31

[1] [2]

31

Полуодетый Гойя сидел в удобном кресле и смотрел, как Каэтана пьет в постели шоколад. Занавески алькова, где стояла широкая кровать, были раздвинуты. В ногах и в изголовье кровати красовалось по античной богине, тщательно выточенной из ценного дерева; на каждой груди у обеих богинь было по подсвечнику, и, хотя солнце уже давно стояло высоко, горели свечи. Света они давали немного: комната была погружена в приятный полумрак, вдоль стен смутно виднелись фрески — аляповатая садовая панорама. В самом алькове были нарисованы высокие окна, на нарисованных ставнях были нарисованы дразнящие глазки, сквозь которые могли бы пробиться лучи приснившегося солнца, и было приятно здесь, в прохладной комнате, представлять себе, как, должно быть, жарко на улице.

Привередница и лакомка Каэтана макала сладкое печенье в густой шоколад. Дуэнья с опаской глядела на Каэтану, не капнет ли та на одеяло. Гойя тоже глядел на нее, ленивый, ублаготворенный. Все молчали.

Каэтана кончила завтрак, донья Эуфемия взяла чашку; Каэтана томно потянулась.
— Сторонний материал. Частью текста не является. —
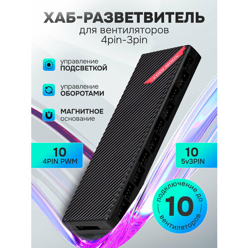 Контроллер COOLMOON на 10 вентиляторов (кулеров) с подсветкой, PWM+ARGB, 4Pin+3Pin, SATA кабель, магнитный низ, черный

Франсиско был безмятежно счастлив. Когда он приехал вчера на закате, Каэтана выбежала к нему навстречу, она слишком явно выказала свою радость, что не подобает знатной даме, и обняла его в присутствии мажордома. А потом, пока он брал ванну и переодевался, болтала с ним через открытую дверь. Всю дорогу он боялся, что застанет в Санлукаре гостей; он заставил ее долго ждать и не мог бы на нее сердиться, если бы она пригласила к себе большое общество. Но никто не появился, даже доктор Пераль. Они сели за стол вдвоем. Ужин прошел очень весело, они болтали, предавались забавам, и детским и не совсем детским, не было сказано ни одной колкости, и всю долгую страстную ночь его не мучили злые думы, он пережил удивительные часы.

Она откинула одеяло, села на кровати.

— Вам незачем присутствовать при моем утреннем туалете, дон Франсиско, — сказала она. — Поспите еще немного, или займитесь осмотром замка, или погуляйте по саду. Мы встретимся за полчаса до обеда у бельведера и пройдемся вместе.

Он рано пришел к бельведеру. Оттуда открывался чудесный вид на дом и окружающую местность. Как и большинство домов здесь, в окрестностях Кадиса, просторное здание было выдержано в арабском стиле; очень белые стены были прорезаны редкими окнами, с плоской кровли целилась в небо стройная дозорная башня. Сады спускались террасами. Широкий Гвадалквивир лениво катил свои волны в море. Плодородная долина, в которой был расположен город Санлукар, раскинулась среди голых песков, словно зеленый оазис; далеко по обе стороны от пышных виноградников и оливковых рощ простиралась желтовато-белая плоская равнина. Среди песков томились чахлые рощи сосен и пробковых дубов. Волнами набегали дюны. Слепила белизна солончаков. Гойя равнодушно смотрел на ландшафт. Не все ли равно, что вокруг — пьедраитские горы или санлукарские дюны, важно, что он один с Каэтаной, вдали от двора, вдали от Мадрида.

К нему подошел доктор Пераль. Началась неторопливая беседа. Пераль рассказал историю дома, стоящего перед ними. Его построил граф Оливарес, всесильный министр Филиппа IV, тот, которого так часто писал Веласкес; свои последние горькие годы изгнания Оливарес прожил здесь. Затем дом достроил его племянник и наследник, дон Гаспар де Аро, и по его имени замок стал называться «Каса де Аро».

Потом, не дожидаясь вопросов, Пераль рассказал о событиях последних недель. Давать званые вечера донья Каэтана, разумеется, не могла, ведь она еще носит траур, все же у нее часто бывали гости из Кадиса, Хереса, приезжали даже из Севильи. «Где кость повкусней, там и свора кобелей», — вспомнил Гойя старую поговорку. Ездили и они в Кадис, в городской дворец герцогини, тамошнюю Каса де Аро. Один раз Каэтана, правда под густой вуалью, поехала в Кадис на корриду — бой быков; и тореадор Костильярес гостил два дня здесь в замке. Гойя, конечно, не ждал, что Каэтана, подобно дамам из Пепиных романсов, будет стоять на сторожевой башне и высматривать, не едет ли он; и все же слова Пераля испортили ему настроение.

Пришла и Каэтана со своей свитой: дуэньей, пажом Хулио, арапкой Марией-Лус, собачкой Доном Хуанито и несколькими кошками. Она оделась с особой тщательностью, несомненно, для Гойи, чему он очень порадовался.

— Хорошо, — сказала она, — что сейчас уже не те времена, как в пору наших прабабок, когда вдова должна была носить траур до самой смерти или до нового замужества.

Гойя был поражен, как спокойно она говорила о своем вдовстве.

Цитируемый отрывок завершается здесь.